> > I am recording here the results from a test VME system using two VF48 waveform digitizers
(I now have 4 VF48 waveform digitizers, so the event rates are half of those reported before. Date rate
is up to 51 M/s - event size has doubled, per-event overhead is the same, so the effective data rate goes
up).
This message demonstrates the effects of tuning the MIDAS system for high rate data taking.
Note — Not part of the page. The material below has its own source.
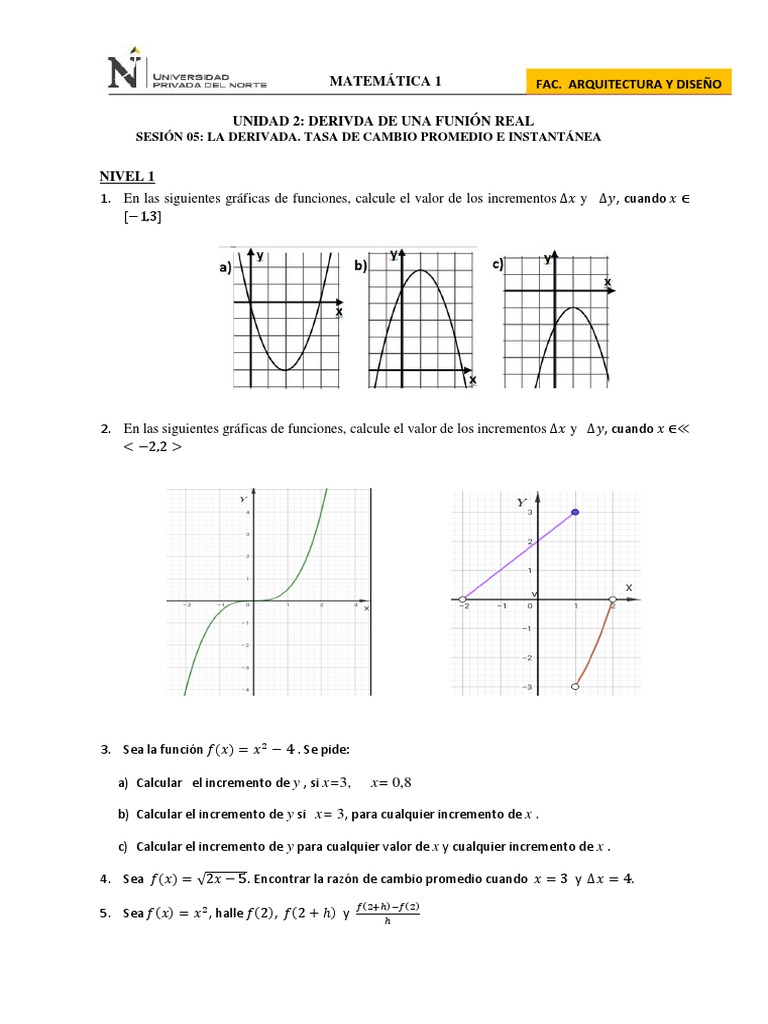 SESIÓN 05: LA DERIVADA. TASA DE CAMBIO PROMEDIO E INSTANTÁNEA

Attached is the history plot of the event rate counters which show the real-time performance of the MIDAS
system with better detail compared to the average event rate reported on the MIDAS status page. For an
ideal real-time system, the event rate should be a constant, without any drop-outs.
Seen on the plot:
run 75: the periodic dropouts in the event rate correspond to the lazylogger writing data into HADOOP
HDFS. Clearly the host computer cannot keep up with both data taking and data archiving at the same
time. (see the output of "top" "with HDFS" and "without HDFS" below)
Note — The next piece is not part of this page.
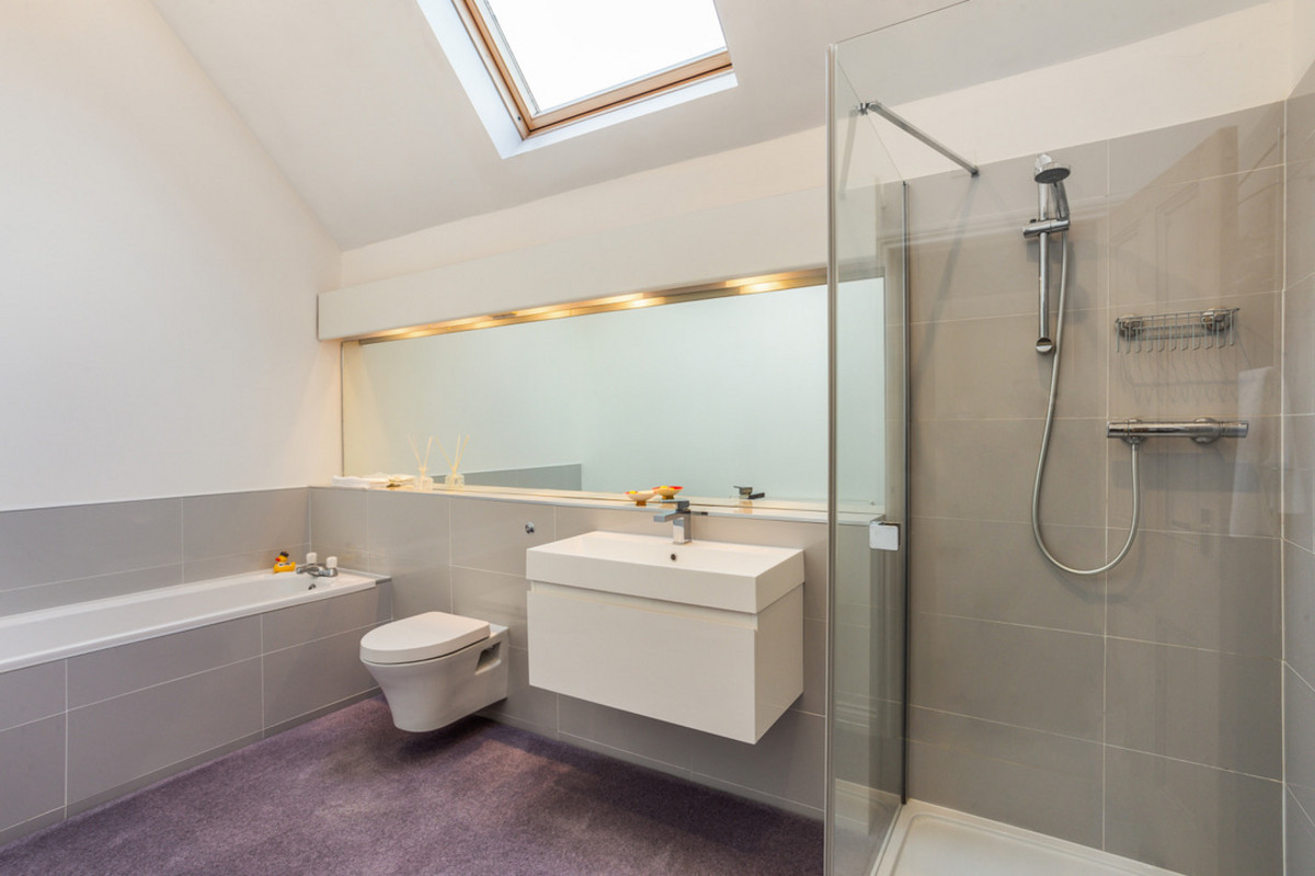 To the right of the landing, a hallway leads to a spacious family bathroom, complete with a fitted bathtub, a wall-mounted toilet, a wall-mounted vanity washbasin, and a separate shower enclosure.

run 76: SYSTEM buffer size increased from 100Mbytes to 300Mbytes. Maybe there is an improvement.
run 77-78: "event_buffer_size" inside the multithreaded (EQ_MULTITHREAD) VME frontend increased from
100Mbytes to 300Mbytes. (6 seconds of data at 50M/s). Much better, yes?
Conclusion: for improved real-time performance, there should be sufficient buffering between the VME
frontend readout thread and the mlogger data compression thread.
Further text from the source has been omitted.